No question—archeology has an allure for believers, promising as it does to bring the world of the Bible to life. Touring the Holy Lands several years ago, I decided to try two weeks excavating a dig at Sepphoris, a ruined Greco-Roman city right in the heart of Galilee. Just what I expected to find there—ancient oil lamps, perfectly formed vases, the Holy Grail, maybe—I really can't say. But ten days of schlepping dirt out of a four-foot hole without finding anything quickly took the romance out of it. This was certainly no Indiana Jones expedition, and waking up at four in the morning to beat the heat didn't agree with this night owl. "Leave archaeology for the truly committed," I decided. "I'm more interested in studying history than sweating it out in trenches."

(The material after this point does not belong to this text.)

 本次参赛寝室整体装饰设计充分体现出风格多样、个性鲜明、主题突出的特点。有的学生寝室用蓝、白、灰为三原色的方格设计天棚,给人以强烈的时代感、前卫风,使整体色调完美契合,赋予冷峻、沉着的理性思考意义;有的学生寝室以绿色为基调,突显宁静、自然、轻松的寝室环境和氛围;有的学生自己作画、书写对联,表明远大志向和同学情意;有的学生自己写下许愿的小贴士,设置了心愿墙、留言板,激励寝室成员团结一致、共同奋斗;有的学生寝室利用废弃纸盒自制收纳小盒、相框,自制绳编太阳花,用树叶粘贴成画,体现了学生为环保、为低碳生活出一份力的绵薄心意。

Still, there's something to be said for archaeology. Many Christians appeal to it when confronting those skeptical of Scripture's accuracy, but most can't offer much more than the amorphous "Archaeology confirms the Bible." If you are one of these, then the last century's top findings just might interest you.

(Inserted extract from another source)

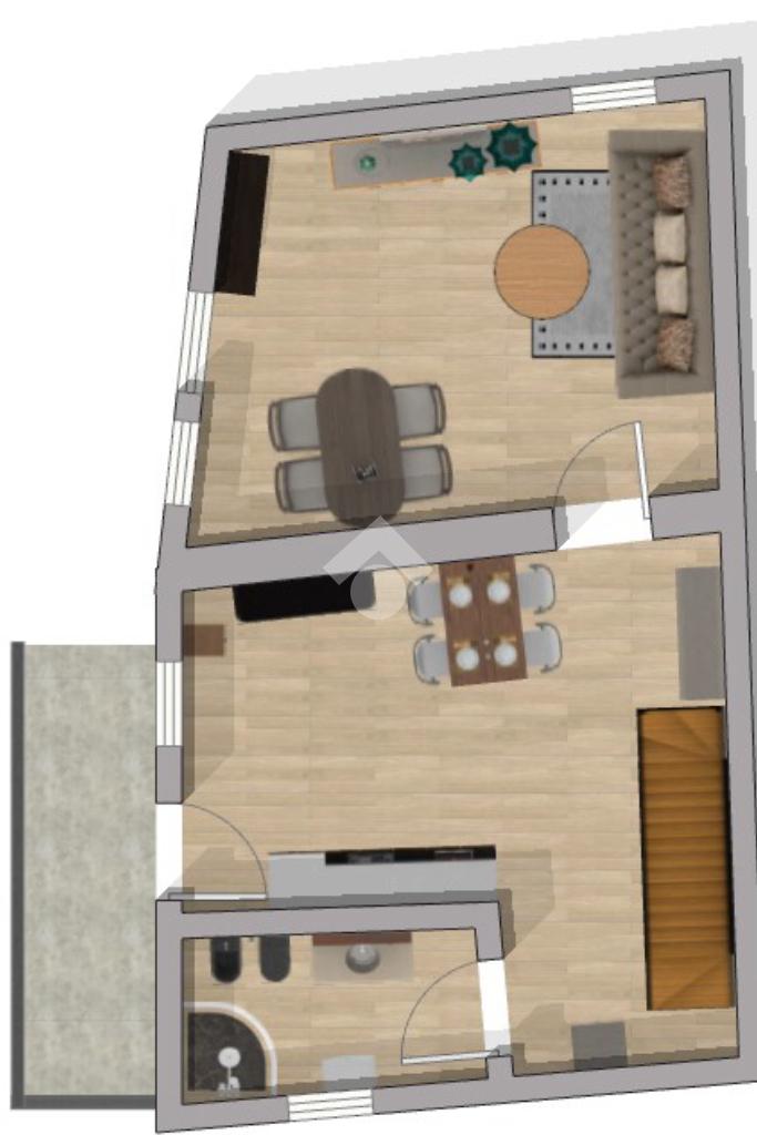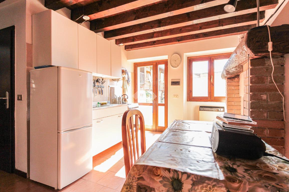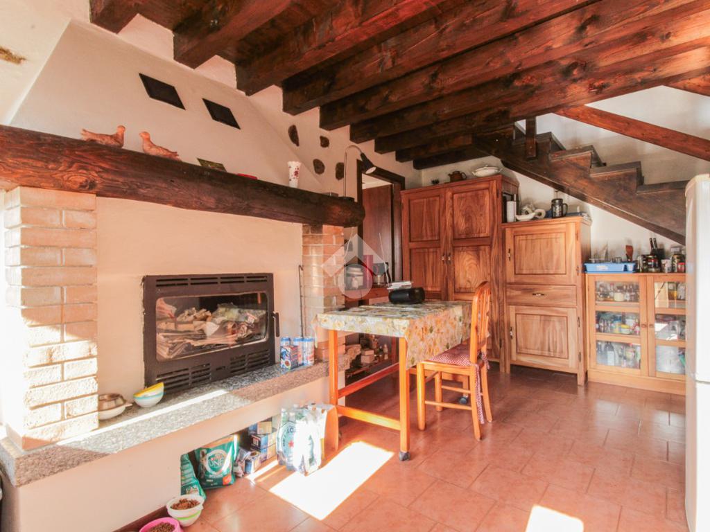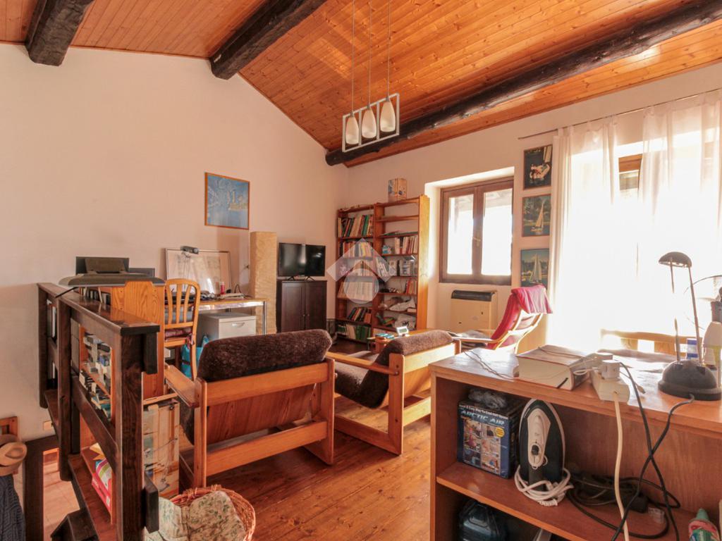 Salendo le scale esterne raggiungiamo un balcone che fa da ingresso alla casa, entrando ci troviamo nella cucina abitabile con camino, sulla sinistra troviamo la zona giorno e sulla destra un bagno con doccia.

Until last October, when scholars identified the ossuary or bone box of "James, son of Joseph, brother of Jesus," there were two finds taken to confirm the existence of people we encounter in the New Testament. The first came in 1962 when Italian archaeologists uncovered the ruins of a Roman theater along the Mediterranean shore. An inscription announced the building of a public structure in honor of emperor Tiberius—under the direction of Pontius Pilate. Pilate clearly wanted Romans—and that included the emperor—to recognize him as the patron of this monument.

Then, in November 1990, Jewish construction workers discovered a burial cave south of Jerusalem containing an ossuary with the name Yehosef bar Caiaphas crudely scratched in Aramaic. Scholars confirmed this Caiaphas was the high priest who figured so prominently in Jesus' trial in the Gospels. The ossuary's unusually lavish decoration is what one would expect of a man who had acquired significant personal wealth as the Jews' principal religious leader.

Even if Christians can't point to hard evidence supporting the actual existence of most people named in the New Testament, the world described in its pages matches the ruins archaeologists have discovered—though sometimes those discoveries have revised our assumptions about Scripture. Sepphoris, just a four-mile hike from Nazareth, boasted a Roman-style theater, a massive underground aqueduct, and a Dionysiac mosaic. Nazareth, then, was no remote town on the edge of civilization, but it sat in the shadow of a thriving city. According to the historian Josephus, Herod Antipas (4 B.C. - 39 A.D.), whose trial of Jesus is recorded in Luke 23, built Sepphoris, as well as his capital of Tiberius along the western shore of the Sea of Galilee. And his father, Herod the Great, ruler at the time of Christ's birth, raised even greater architectural wonders, including the Second Temple upgrade that Jesus knew during his ministry—the remains of which we know as the "Western Wall."